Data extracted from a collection
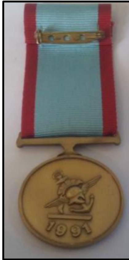
Εικόνα 2: Οπίσθια όψη Μεταλλίου ηγεσίας Σχηματισμού ή μεγάλης Μονάδας
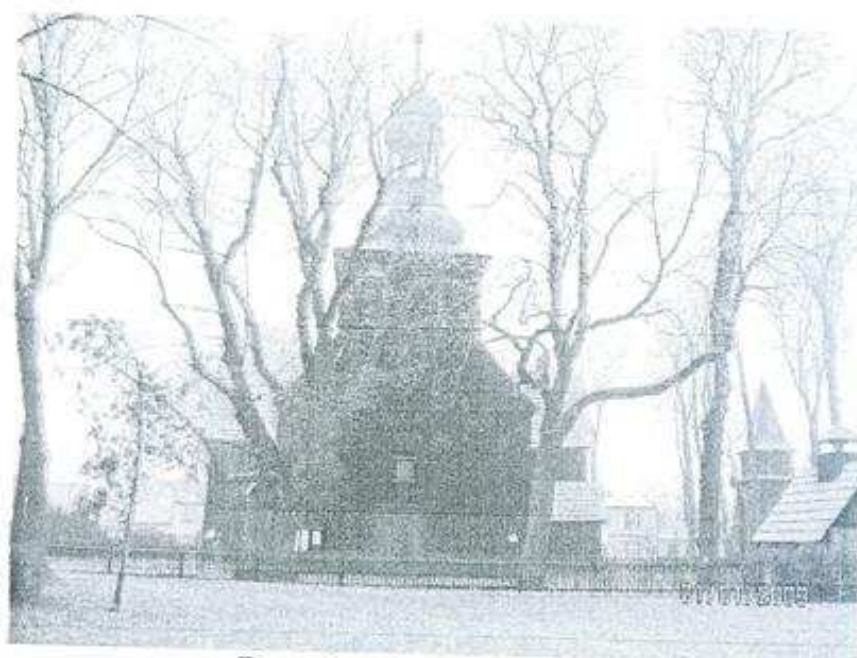
Drewniany Kościół w Brodach

Zgierzynka należy do parafii Rzymskokatolickiej p. w. Św. Andrzeja Apostoła w Brodach, gdzie znajduje się piękny zabytkowy drewniany kościół z końca XVII wieku.
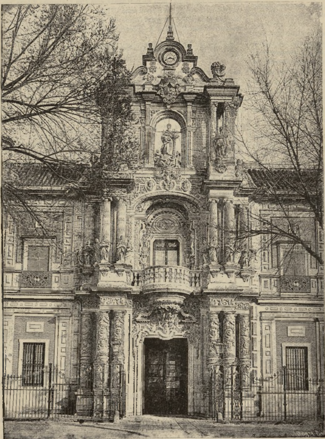
SEVILLA.—PORTADA PRINCIPAL DEL PALACIO DE SAN TELMO.

Hé aquí lo que los periódicos de esta ciudad dicen sobre la estancia del comendador Salvi y sobre el éxito de su conferencia :
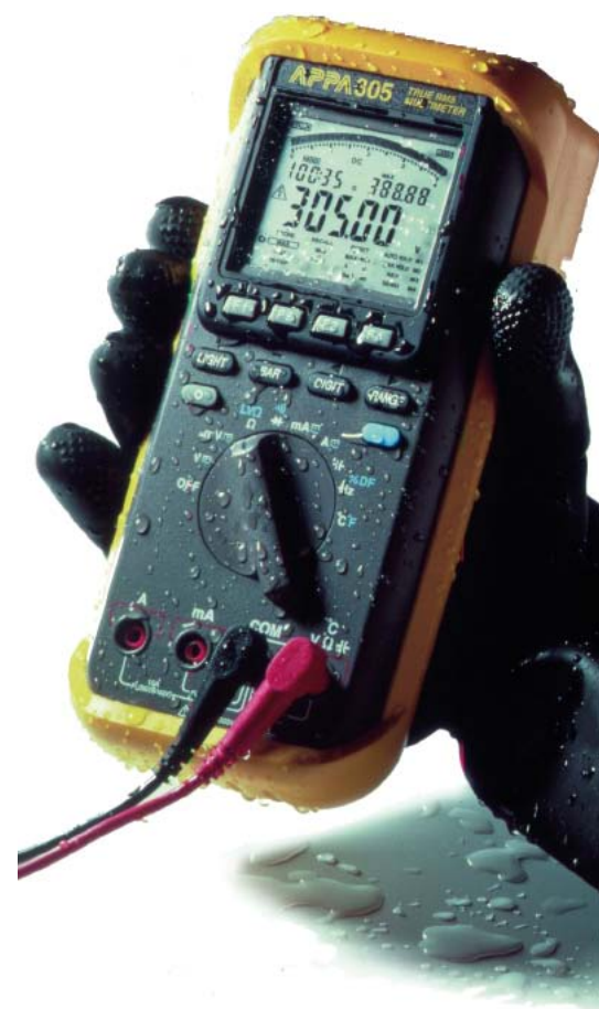
Fot. 10. Multimetr APPA305

nicowy) przydatny przy porównywaniu parametrów dwóch elementów lub urządzeń. W pomiarach różnicowych wynik może być podawany w wartościach bezwzględnych lub w procentach. Specyficznym rodzajem pomiarów względnych są pomiary w skali logarytmicznej (dBm i dBV). Pomiar dBm

- PROBLEM STATEMENT
Return only the lines that start at the line containing "Hé aquí lo que" and finish at the last line of the entries, exactly as written and without pictures.

- ANSWER FOR THIS EXERCISE
Hé aquí lo que los periódicos de esta ciudad dicen sobre la estancia del comendador Salvi y sobre el éxito de su conferencia :
Fot. 10. Multimetr APPA305

nicowy) przydatny przy porównywaniu parametrów dwóch elementów lub urządzeń. W pomiarach różnicowych wynik może być podawany w wartościach bezwzględnych lub w procentach. Specyficznym rodzajem pomiarów względnych są pomiary w skali logarytmicznej (dBm i dBV). Pomiar dBm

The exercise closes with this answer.